Но годы техникума и комсомольской юности он потом вспоминал тепло. Жить было трудно и голодно, но весело. Тогда было развито студенческое самоуправление, и считалось нормальным активное вмешательство студентов, особенно комсомольцев, в учебный процесс и учебные планы. Алпатов был одним из лидеров этой деятельности. Часть его друзей погибла в 1937 г. и на войне, но с теми, кто остался, он дружил всю жизнь. Многие из них потом тоже перебрались в Москву, и почти все не ограничились техникумом и кончили затем разные вузы. Отец среди них был большим авторитетом, что я особенно почувствовал после его смерти. На сороковой день собралась группа его друзей по техникуму, мы поехали на Ваганьковское кладбище. Там в тот день было не пробиться: это одновременно оказался первый день рождения В. Высоцкого после его смерти. И один из друзей сказал: «Вот наш умница лежит, и никто его не знает, а какому-то фигляру все почести». Все с ним согласились.
Уже в техникуме отцу впервые захотелось писать. Он описал жизнь техникума, назвав свое произведение «Комсомольская бурса». Этот текст не сохранился, но через полвека Михаил Антонович снова сел писать «Комсомольскую бурсу», которая, правда, получила в итоге название «Возвращение в юность». Эта повесть, уже открыто автобиографическая, вышла в журнале «Молодая гвардия» в 1978 г. и отдельной книгой посмертно в 1983 г.

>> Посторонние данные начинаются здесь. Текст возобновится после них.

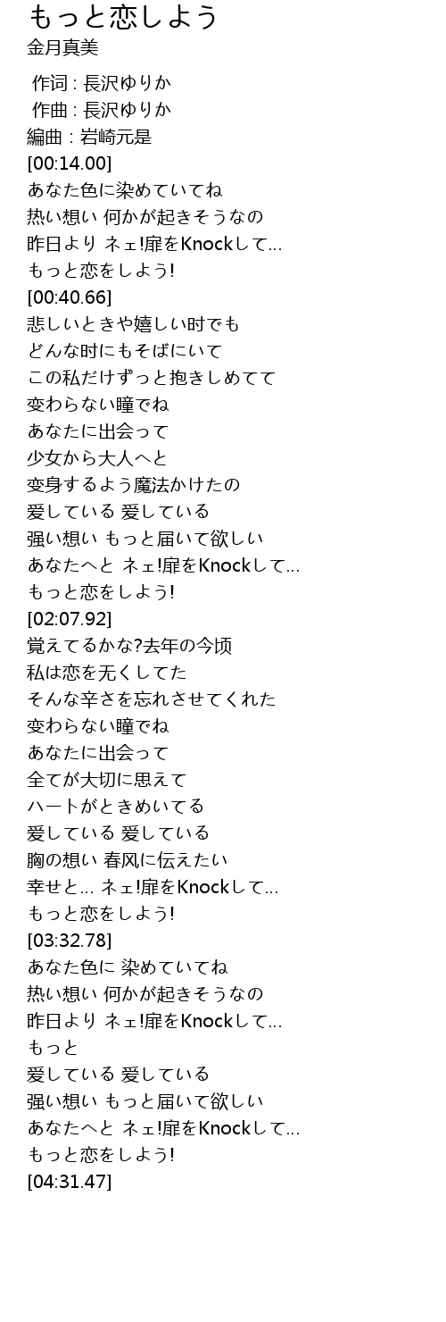 | [03:55.74] | 昨日より ネェ!扉をKnockして… |

В техникуме отец пережил какую-то трагическую любовную историю, о которой он не рассказывал и которую могу восстановить лишь по косвенным данным. Похоже, что девушка погибла во время аварии ростовского водопровода, смешавшегося с канализацией, в результате чего в городе было много отравлений со смертельным исходом. Как-то он сказал: «Не называйте при мне имя Ася, оно для меня связано с тяжелыми воспоминаниями». Видимо, так ее и звали, но теперь уже ничего не узнать. Потом он женился на другой студентке техникума, Александре Мурузовой (отец – ростовский армянин, мать – дворянка), с ней он уехал в Романовскую.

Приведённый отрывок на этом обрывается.